Happy Friday! Thank you for all of the orders this week. :wave:


----------



## 034Motorsport (Apr 16, 2012)

Thank you for the continued orders! :heart:

We have a new article up on our site, featuring Keith's Audi TT RS with the 034Motorsport RS500 Turbo Kit & Tuning Package installed. Hope you enjoy the read! 

*Keith's Audi TT RS with RS500 Turbo Kit*



Keith purchased his Panther Black Audi TT RS in May of 2014 after seeing Matt Farrah's review of a modified example on /DRIVE. Initially drawn to the TT RS by it performance, rarity, and tunability, Keith decided to use his car for both daily-driving duties and weekends at the track. The need for functional upgrades which are effective on the street and track - paired with Keith's desire to push his car's performance to the next level - quickly brought him to 034Motorsport.

034Motorsport has been modifying turbocharged 5-cylinder Audi engines for over a decade, and developing performance products and tuning for the Audi TT RS since it first arrived in the USA. In addition to purchasing one of the first RS models in North America back in 2011, 034Motorsport also took delivery of the first and only Audi TT RS VLN Race Car to be delivered to the US from Germany, which later won the 25 Hours of Thunderhill. Needless to say, Keith had made it to the right corner of the internet!

*Click Here to Continue Reading*


----------



## 034Motorsport (Apr 16, 2012)

Thank you for the continued orders! Don't forget to add our Billet Torque Arm Upgrade and Engine/Transmission Mount Pair as well if you're looking to further reduce drivetrain slop and wheel hop. :thumbup:


*Billet Aluminum MkV Volkswagen Golf/Jetta Dogbone Mount (Torque Arm) Upgrade*



*Density Line MkV Volkswagen Eos 2.0T & 3.2L Performance Engine Mount Pairs*




*Billet Aluminum MkV Volkswagen Eos 2.0T Engine/Transmission Mount Pair - Motorsport-Spec*


----------



## 034Motorsport (Apr 16, 2012)

Thank you for the orders!


----------



## 034Motorsport (Apr 16, 2012)

We're installing some of these today in our Service Department, and have them in-stock and ready to ship! :wave:


----------



## 034Motorsport (Apr 16, 2012)

Thank you to everyone who made it out to WinterFest 2016 this past Saturday at 034Motorsport! We put together a quick recap video from the event, and you can read more about it and see pictures here. :thumbup:

If you've ever wanted to check out the 034Motorsport Performance Facility but live too far away, this video is worth watching! We had the entire service side of our building open, and were giving guided tours of our Engineering, Machining, and Manufacturing Departments next door.

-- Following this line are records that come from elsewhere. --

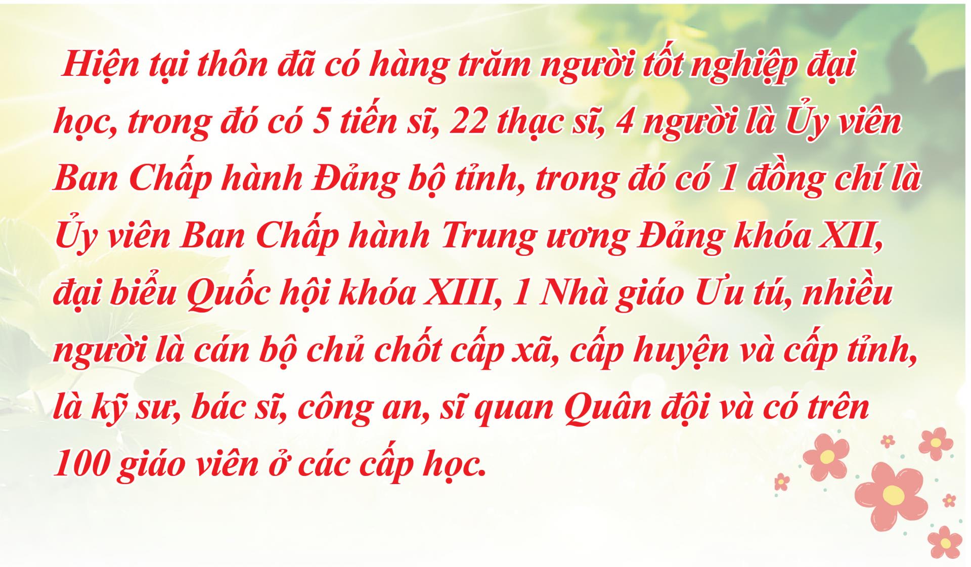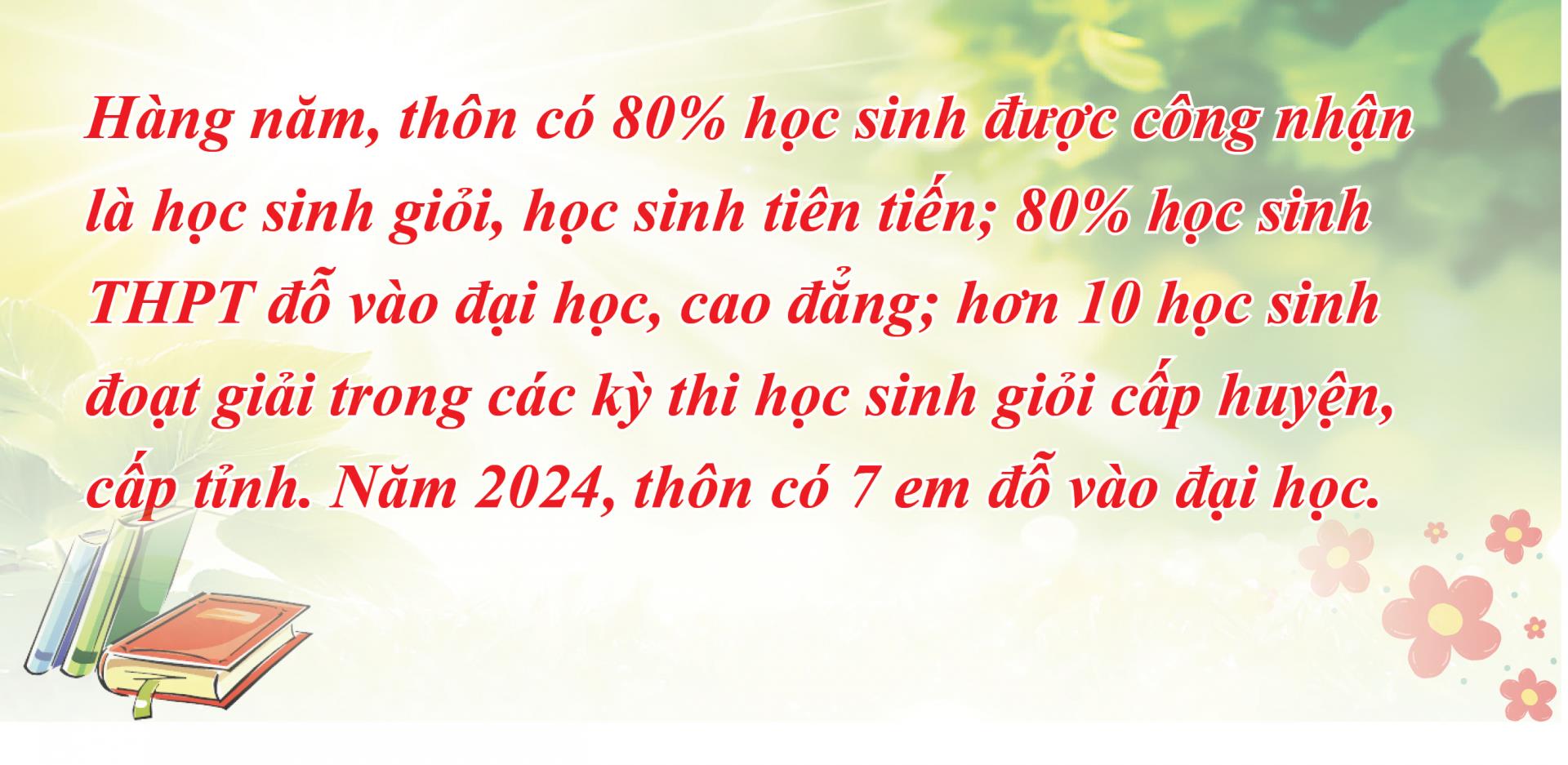 Nhờ sự động viên, tuyên truyền của chi hội khuyến học cùng với động lực thi đua giữa các gia đình, số học sinh trong thôn đạt kết quả xuất sắc trong học tập, rèn luyện đã được nâng lên rõ rệt. Nhiều học sinh có hoàn cảnh khó khăn đã được động viên giúp đỡ kịp thời để thực hiện ước mơ vươn tới tầm cao tri thức. Hàng năm, thôn có 80% học sinh được công nhận là học sinh giỏi, học sinh tiên tiến; 80% học sinh THPT đỗ vào đại học, cao đẳng; hơn 10 học sinh đoạt giải trong các kỳ thi học sinh giỏi cấp huyện, cấp tỉnh. Năm 2024, thôn có 7 em đỗ vào đại học. Hiện tại thôn đã có hàng trăm người tốt nghiệp đại học, trong đó có 5 tiến sĩ, 22 thạc sĩ, 4 người là Ủy viên Ban Chấp hành Đảng bộ tỉnh, trong đó có 1 đồng chí là Ủy viên Ban Chấp hành Trung ương Đảng khóa XII, đại biểu Quốc hội khóa XIII, 1 Nhà giáo Ưu tú, nhiều người là cán bộ chủ chốt cấp xã, cấp huyện và cấp tỉnh, là kỹ sư, bác sĩ, công an, sĩ quan Quân đội và có trên 100 giáo viên ở các cấp học. Năm 2024, thôn đã có 150 gia đình đạt danh hiệu “Gia đình học tập”. Thôn đã vinh dự được Trung ương Hội Khuyến học Việt Nam, UBND tỉnh tặng Bằng khen. Để lan tỏa và tiếp nối truyền thống hiếu học của quê hương, hàng năm, mỗi độ xuân về, các cụ cao niên trong làng lại cùng các ban, ngành, đoàn thể và toàn thể nhân dân quây quần tại nhà văn hóa của thôn trò chuyện, khen thưởng, động viên những tấm gương học sinh chăm ngoan hiếu học, những em có hoàn cảnh khó khăn biết vươn lên trong rèn luyện và học tập, thu hút mọi người, mọi nhà, các đoàn thể cùng tiếp tục quan tâm ươm những “mầm xuân” của thôn ngày một vươn cao.
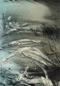 沒有預設構想,就從每一幅「水與墨」所形成全然不同的情境、不同的天地開始,畫家駕馭著有如脫韁之馬的靈思,奔馳其中、沉浸其中,追循著 ; 水墨走過的痕跡,任由圖像湧現,意寫、再造防風林有如「傳說般」的新境 :「風沙起兮」(圖6)是沙洲逗玩著海水,抑是海水戲弄著沙洲 ? 水帶著沙,沙順著水快速奔流,寫下乾濕殊異、生動莫測的畫境,遠處拉高的地平線土上稀疏的木麻黃,簡潔、不可或缺的關照著這瞬間而起卻生生不息的遊戲。於沙洲上上演的戲碼,,隨興之所至導入了不同的角色,「沙痕」(圖7)引來一隻好奇的白鷺,又是誰多事 ? 在沙洲上略下幾道白痕,呼應以右邊幾根奮起的黑色枝條,管他風吹沙如何,終究得還給沙洲本有的「靜謐」;「沙洲映餘暉」(圖8)中,水沙痕更有微妙的變化,柔軟細緻無比,隱約中似見幻化般的倒影。木麻黃也來軋一角,是沙洲掩其足,或是它躲進了沙洲 ? 綿密的詩意也好,對變幻無常傷感也罷,畫家譜下瞬息的現象 !「歸」(圖9)
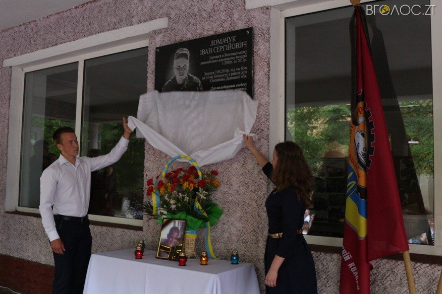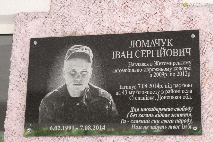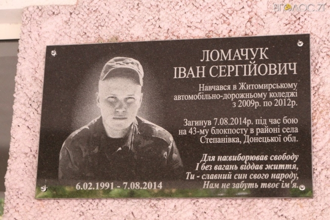 На фасаді Житомирського автомобільно-дорожнього коледжу Національного транспортного університету 23 травня відкрили меморіальну дошку загиблому бійцю АТО Івану Ломанчуку.

Audi Club Golden Gate Chapter joined us at the event, and even Audi on demand came by with a C7.5 Audi RS7 to showcase their new service in San Francisco. We had over 150 cars show up despite the rain, and over 200 Audi enthusiasts were in attendance!






Looking forward to SummerFest in July!


----------



## 034Motorsport (Apr 16, 2012)

Thank you for the continued orders! :beer:


----------



## 034Motorsport (Apr 16, 2012)

Our entire line of *Billet Aluminum Dogbone Mount Inserts* is in stock and ready to ship.


----------



## 034Motorsport (Apr 16, 2012)

Thank you for the continued orders!


----------



## 034Motorsport (Apr 16, 2012)

Thank you for the continued orders!


----------



## 034Motorsport (Apr 16, 2012)

Thank you for the orders this weekend! Many more inserts are shipping out to good homes all over the world this afternoon.


----------



## 034Motorsport (Apr 16, 2012)

Thank you for the continued orders! 

*Quattro de Seca with ACGG*

Here's a picture from Audi Club Golden Gate's HPDE at Laguna Seca last Thursday, where we had an awesome time on track along with many of our customers.


----------



## 034Motorsport (Apr 16, 2012)

Thank you for the continued orders! :heart:

Still wondering what exactly Dogbone Mount Inserts do? You're not alone! To offer insight into the slop reduction, we made this quick comparison video of drivetrain movement from the stock Audi/Volkswagen MQB "Version 1" Dogbone Mount with/without the 034Motorsport Dogbone Mount Insert installed.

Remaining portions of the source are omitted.